Scientific classification
- Kingdom: Plantae
- Clade: Tracheophytes
- Clade: Angiosperms
- Clade: Eudicots
- Clade: Rosids
- Order: Fabales
- Family: Fabaceae
- Subfamily: Faboideae
- Genus: Astragalus
- Species: A. alpinus
- Binomial name: Astragalus alpinus L.

= Astragalus alpinus =

- Genus: Astragalus
- Species: alpinus
- Authority: L.

Species of milkvetch

Astragalus alpinus is a species of flowering plant in the legume family known by the common name alpine milkvetch. It has a circumpolar distribution, occurring throughout the upper latitudes of the Northern Hemisphere.

==Distribution==
It is widespread in Eurasia. In North America it occurs from Alaska to Newfoundland and as far south as Nevada and New Mexico.

==Description==
This plant is variable in appearance. In general, it is a perennial herb growing from a taproot and rhizome network topped with an underground caudex. The roots have nitrogen-fixing nodules. The aboveground stems are up to 30 cm long and are mostly decumbent, forming a mat.
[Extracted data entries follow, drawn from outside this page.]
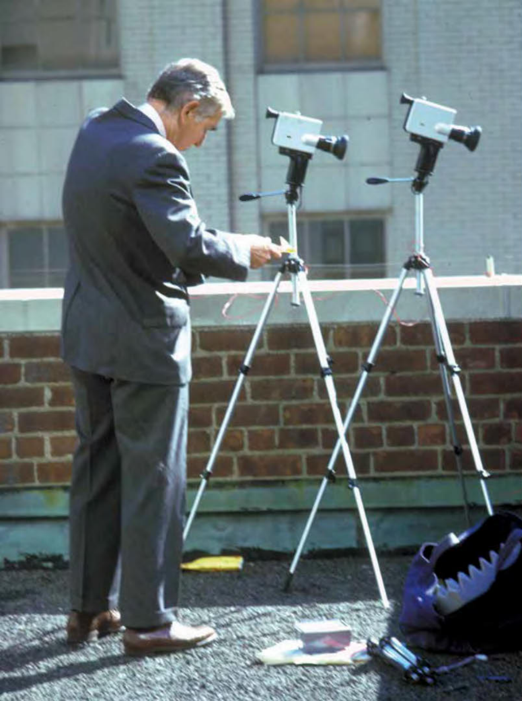
William H. Whyte, New York City, années 1980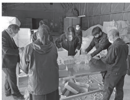
▲配布の準備をする農協役職員と町職員

6月23日に各自治会のご協力により、乳製品消費拡大運動として湧別漁協のホタテの無料配布と合わせて、全町民にバター(150g×2)を無料配布しました。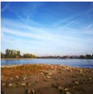
Blick auf den Reisholzer Hafen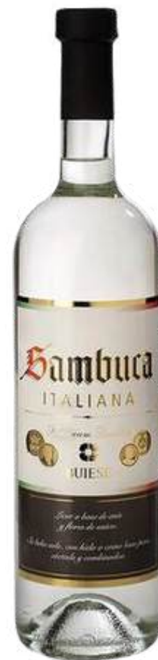
SAMBUCA X 700 ML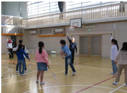
体験プログラム『バドミントン』

The leaves are up to 15 cm long and are made up of several pairs of leaflets each up to 2 cm long. The inflorescence is a raceme of up to 30 flowers each about 1 cm long. The flowers are purple or blue. The fruit is a legume pod up to 1.7 cm long which contains seeds.

==Ecology==
This plant grows in subalpine and alpine climates, often in moist areas, such as woodlands and meadows around streams and lakes. It also occurs on tundra and other cold, dry, exposed areas. It occurs on gravel bars and scree. It is sometimes a pioneer species, colonizing land in the primary phase of ecological succession, such as roads and bare land turned over during frost heave. It has been observed regrowing early in recently burned areas in Grand Teton National Park. It also grows in vegetated areas. Plants occurring in harsh conditions are smaller than those in more favorable sites.

This plant species provides food for caribou, Arctic hares, greater snow geese, small blue butterflies, and grizzly bears.

This species may be divided into two varieties, var. alpinus occurring in the Arctic and var. brunetianus occurring in northeastern North America at lower latitudes.